» Collected data
_ _ _ _
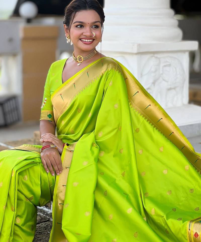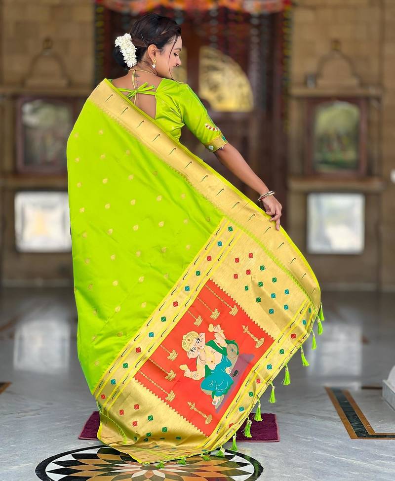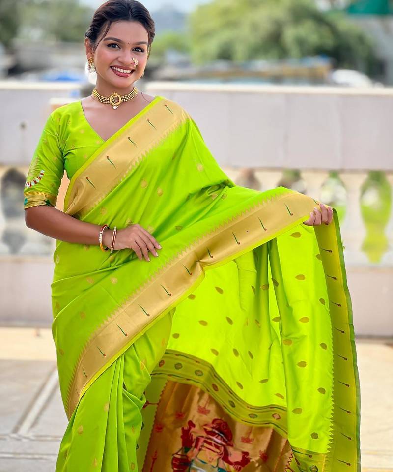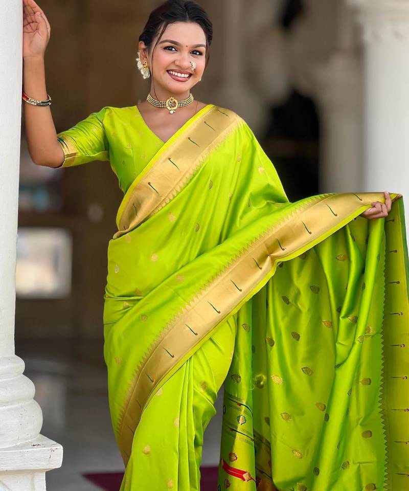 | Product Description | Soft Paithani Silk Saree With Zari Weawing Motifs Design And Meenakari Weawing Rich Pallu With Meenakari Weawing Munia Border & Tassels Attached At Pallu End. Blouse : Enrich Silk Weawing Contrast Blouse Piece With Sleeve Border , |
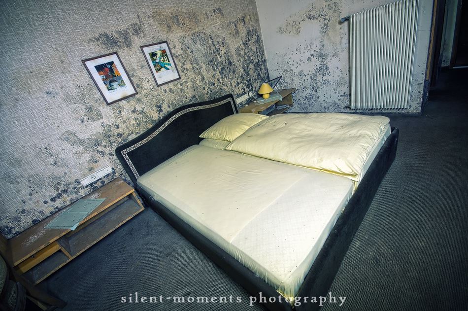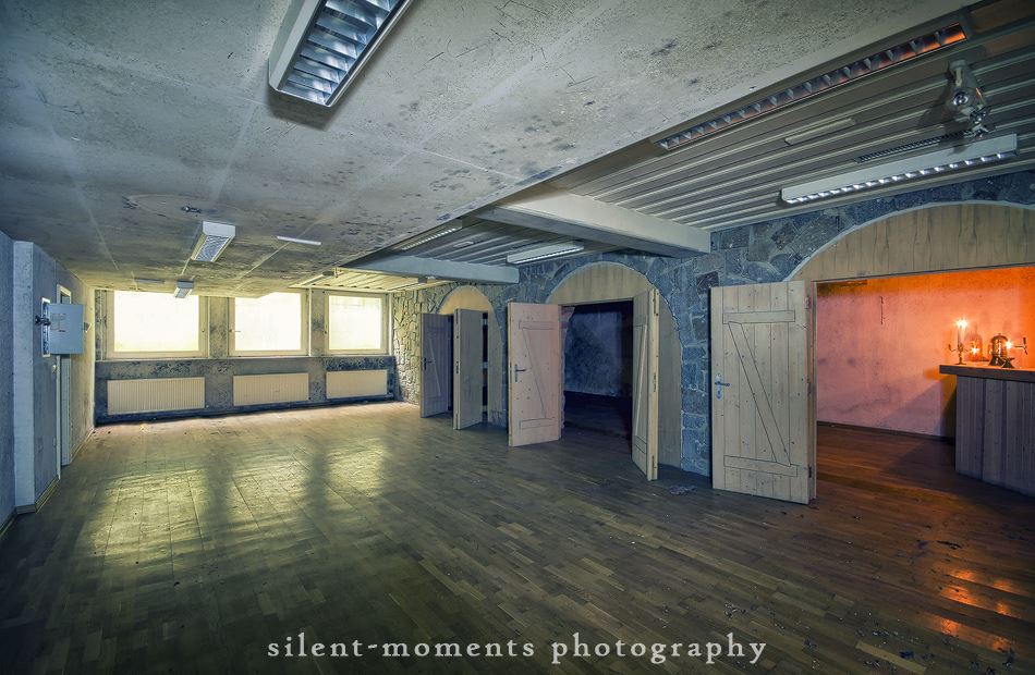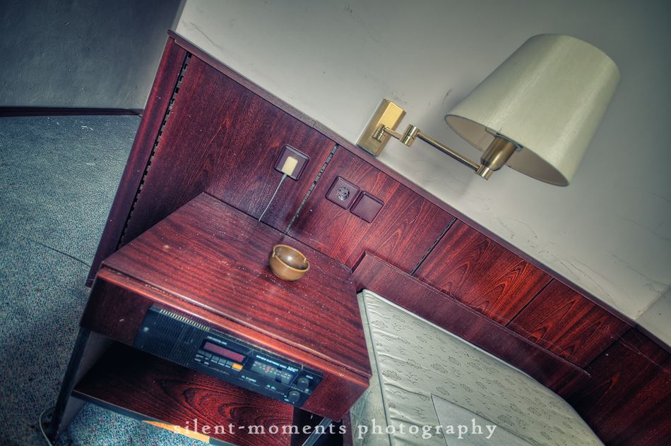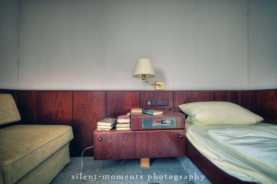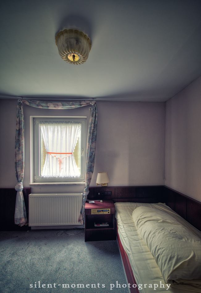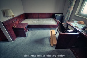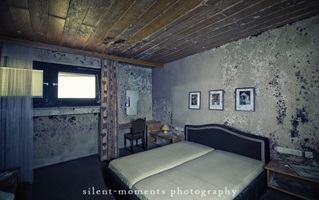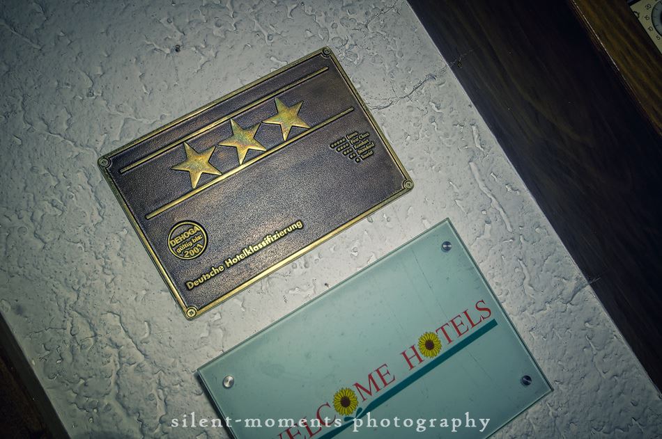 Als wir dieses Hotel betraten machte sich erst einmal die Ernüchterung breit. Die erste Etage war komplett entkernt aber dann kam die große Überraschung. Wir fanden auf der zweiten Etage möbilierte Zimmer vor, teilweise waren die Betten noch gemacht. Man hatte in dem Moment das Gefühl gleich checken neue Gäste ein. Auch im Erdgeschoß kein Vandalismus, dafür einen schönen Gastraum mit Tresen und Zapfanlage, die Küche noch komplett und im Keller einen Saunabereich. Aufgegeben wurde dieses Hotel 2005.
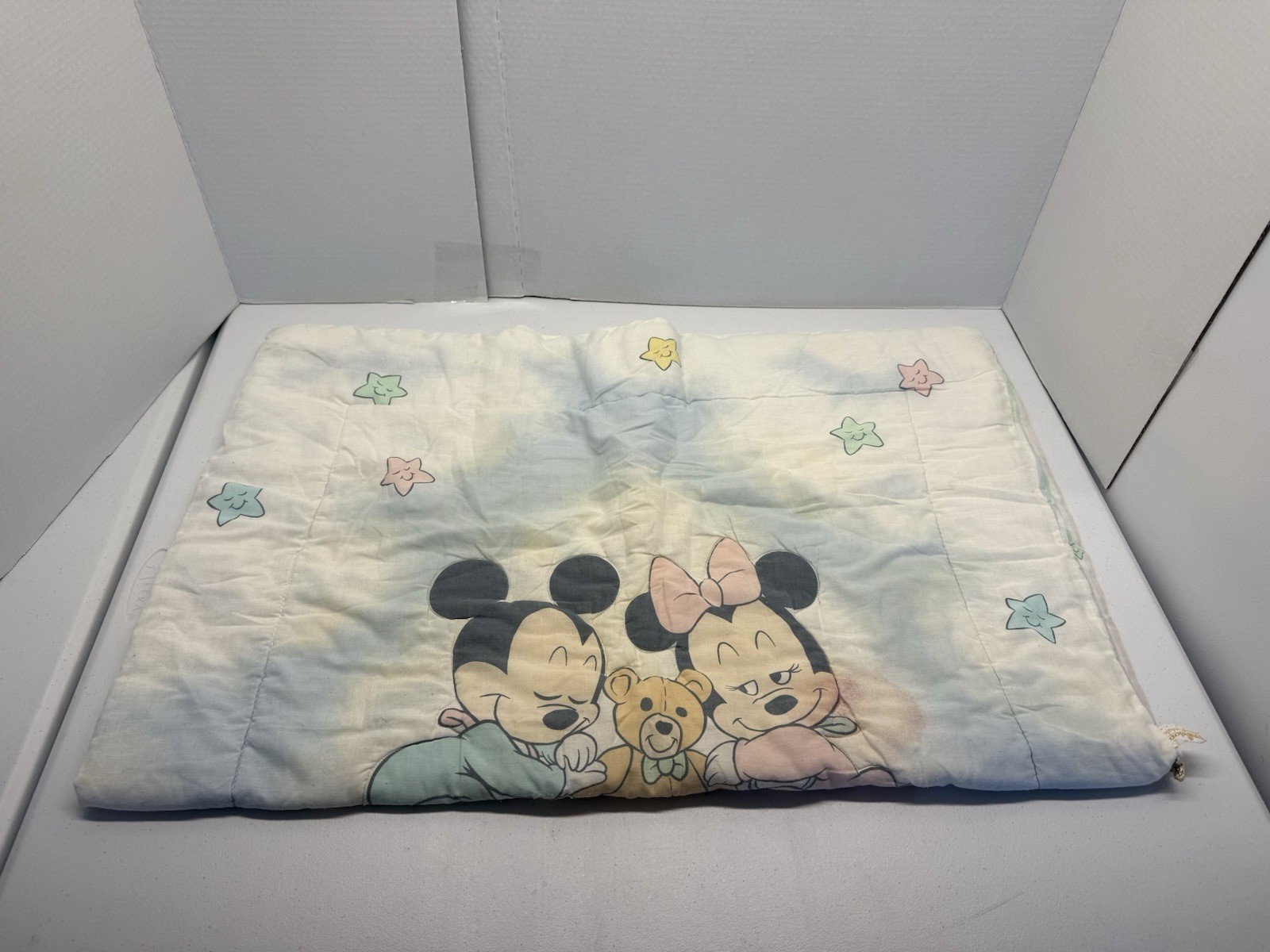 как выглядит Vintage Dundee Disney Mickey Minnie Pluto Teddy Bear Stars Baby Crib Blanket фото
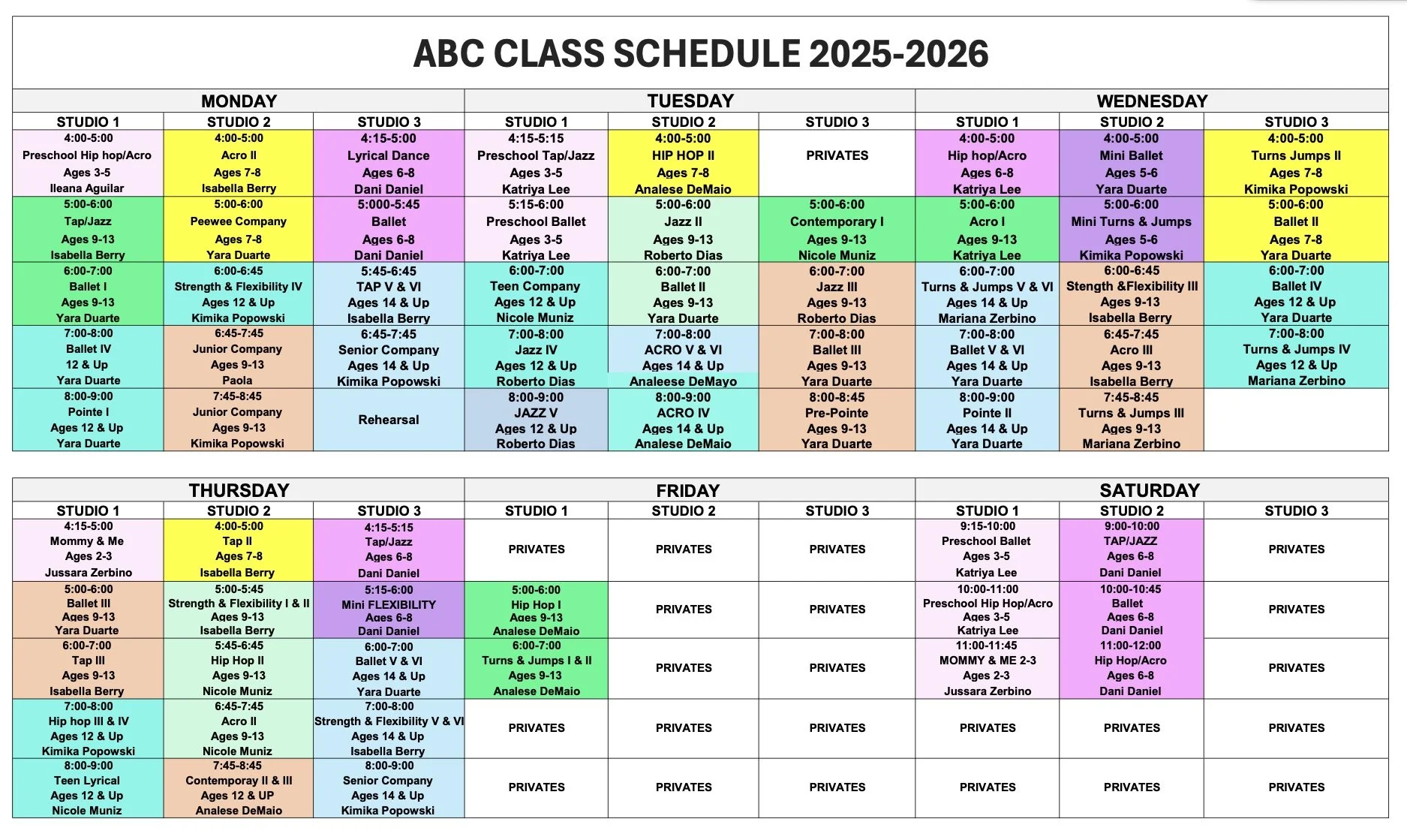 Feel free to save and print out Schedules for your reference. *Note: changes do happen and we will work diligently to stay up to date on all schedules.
_ _ _ _
Retype all of the material above precisely as it reads. Pictures are not part of the copy.

 | Product Description | Soft Paithani Silk Saree With Zari Weawing Motifs Design And Meenakari Weawing Rich Pallu With Meenakari Weawing Munia Border & Tassels Attached At Pallu End. Blouse : Enrich Silk Weawing Contrast Blouse Piece With Sleeve Border , |
 Als wir dieses Hotel betraten machte sich erst einmal die Ernüchterung breit. Die erste Etage war komplett entkernt aber dann kam die große Überraschung. Wir fanden auf der zweiten Etage möbilierte Zimmer vor, teilweise waren die Betten noch gemacht. Man hatte in dem Moment das Gefühl gleich checken neue Gäste ein. Auch im Erdgeschoß kein Vandalismus, dafür einen schönen Gastraum mit Tresen und Zapfanlage, die Küche noch komplett und im Keller einen Saunabereich. Aufgegeben wurde dieses Hotel 2005.
 как выглядит Vintage Dundee Disney Mickey Minnie Pluto Teddy Bear Stars Baby Crib Blanket фото
 Feel free to save and print out Schedules for your reference. *Note: changes do happen and we will work diligently to stay up to date on all schedules.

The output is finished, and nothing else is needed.